[Opening DATA SHOWN section]
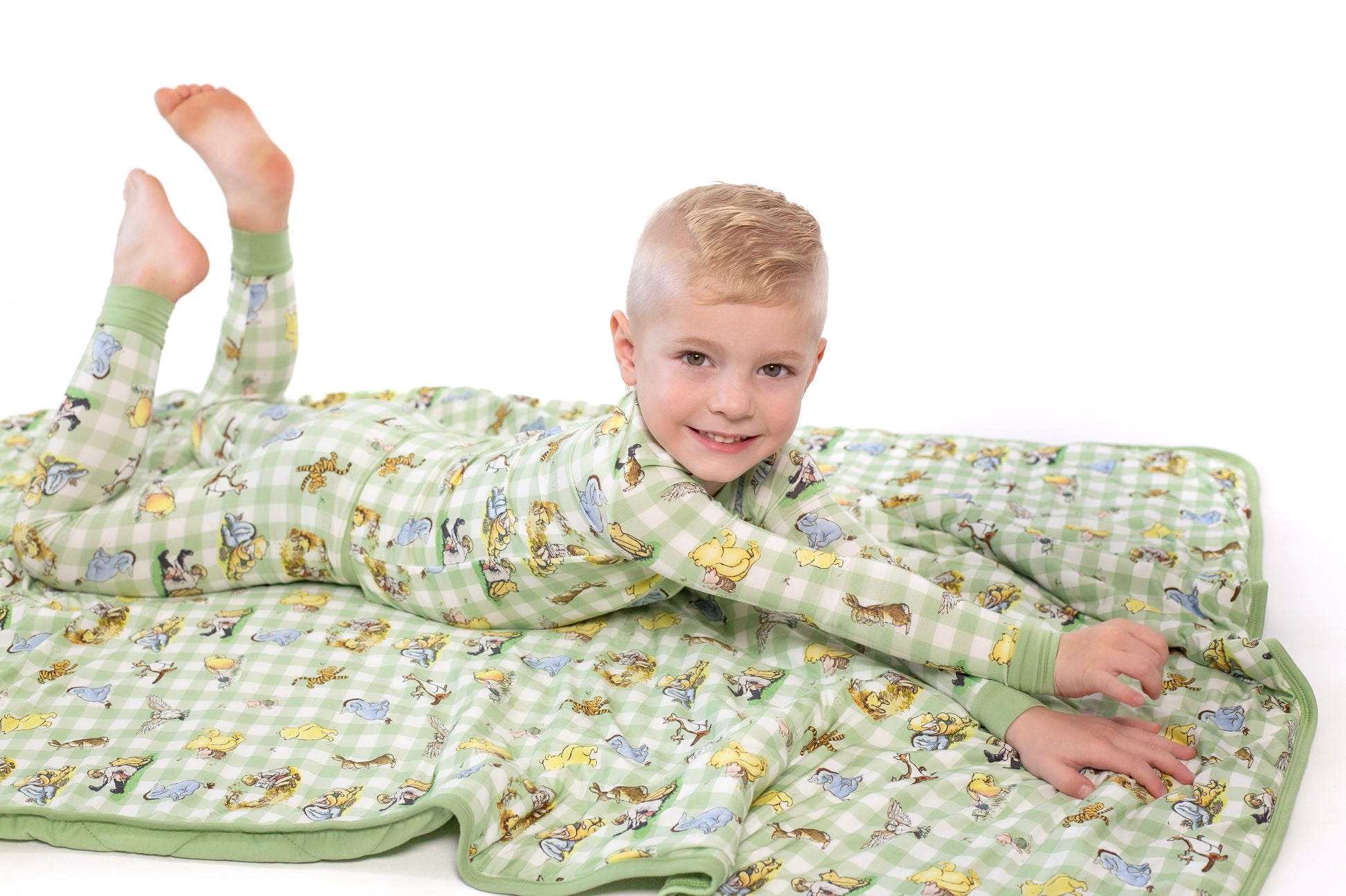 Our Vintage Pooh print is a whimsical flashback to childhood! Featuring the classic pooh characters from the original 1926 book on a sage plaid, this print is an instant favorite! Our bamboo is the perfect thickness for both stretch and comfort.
[Closing DATA SHOWN section]
[Opening DATA SHOWN section]
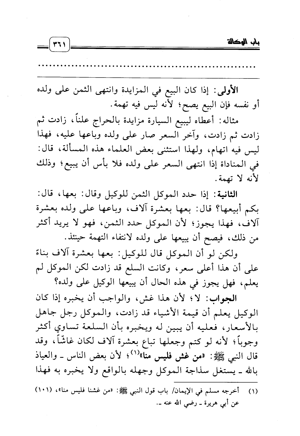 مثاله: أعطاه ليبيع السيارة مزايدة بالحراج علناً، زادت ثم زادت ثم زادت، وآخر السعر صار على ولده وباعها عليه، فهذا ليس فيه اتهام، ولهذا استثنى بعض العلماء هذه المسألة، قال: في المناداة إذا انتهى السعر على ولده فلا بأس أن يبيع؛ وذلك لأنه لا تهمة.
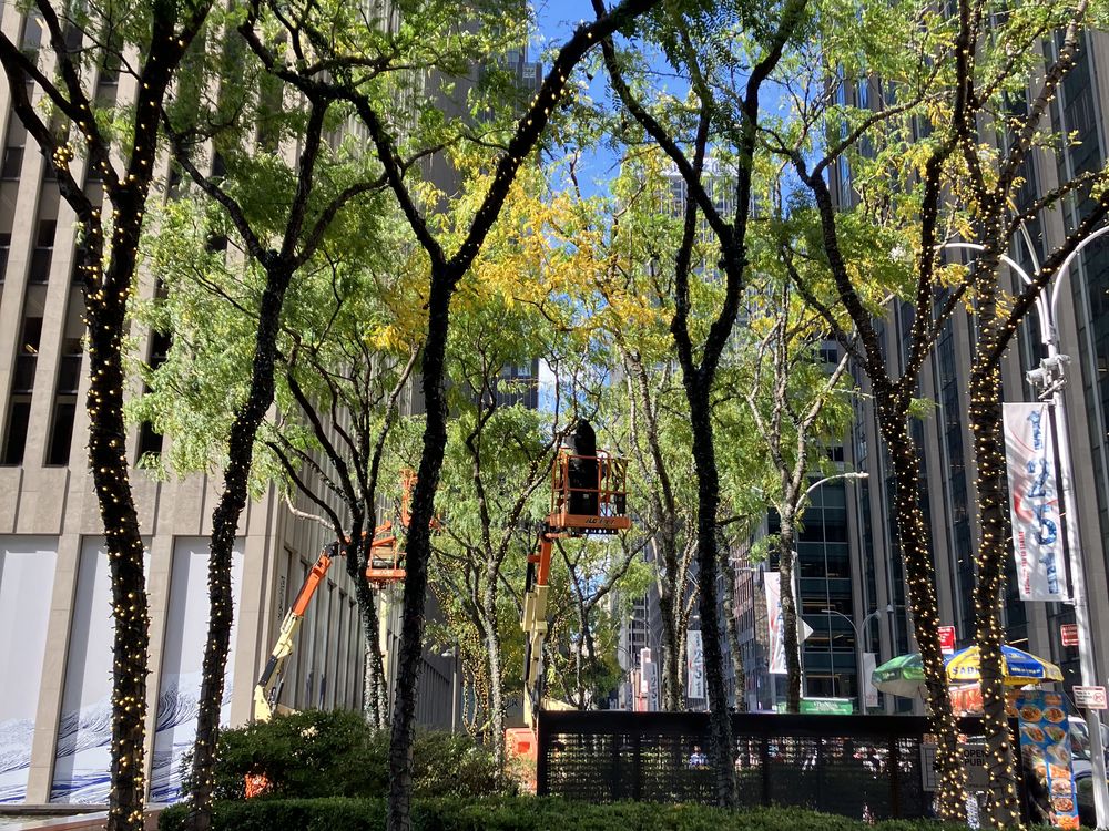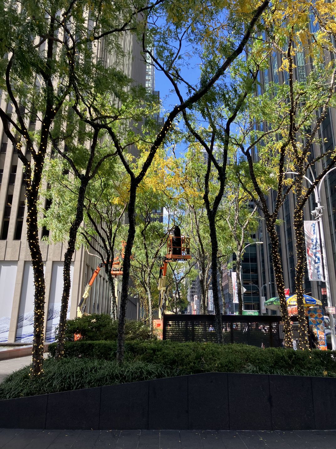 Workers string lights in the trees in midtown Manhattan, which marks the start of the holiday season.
[Closing DATA SHOWN section]
WHAT IS REQUIRED
Only one stretch of the material above is wanted: the line containing "مثاله: أعطاه ليبيع" through the line containing "Workers string lights". Restate it word for word, minus the pictures.

COMPLETED EXERCISE
 مثاله: أعطاه ليبيع السيارة مزايدة بالحراج علناً، زادت ثم زادت ثم زادت، وآخر السعر صار على ولده وباعها عليه، فهذا ليس فيه اتهام، ولهذا استثنى بعض العلماء هذه المسألة، قال: في المناداة إذا انتهى السعر على ولده فلا بأس أن يبيع؛ وذلك لأنه لا تهمة.
 Workers string lights in the trees in midtown Manhattan, which marks the start of the holiday season.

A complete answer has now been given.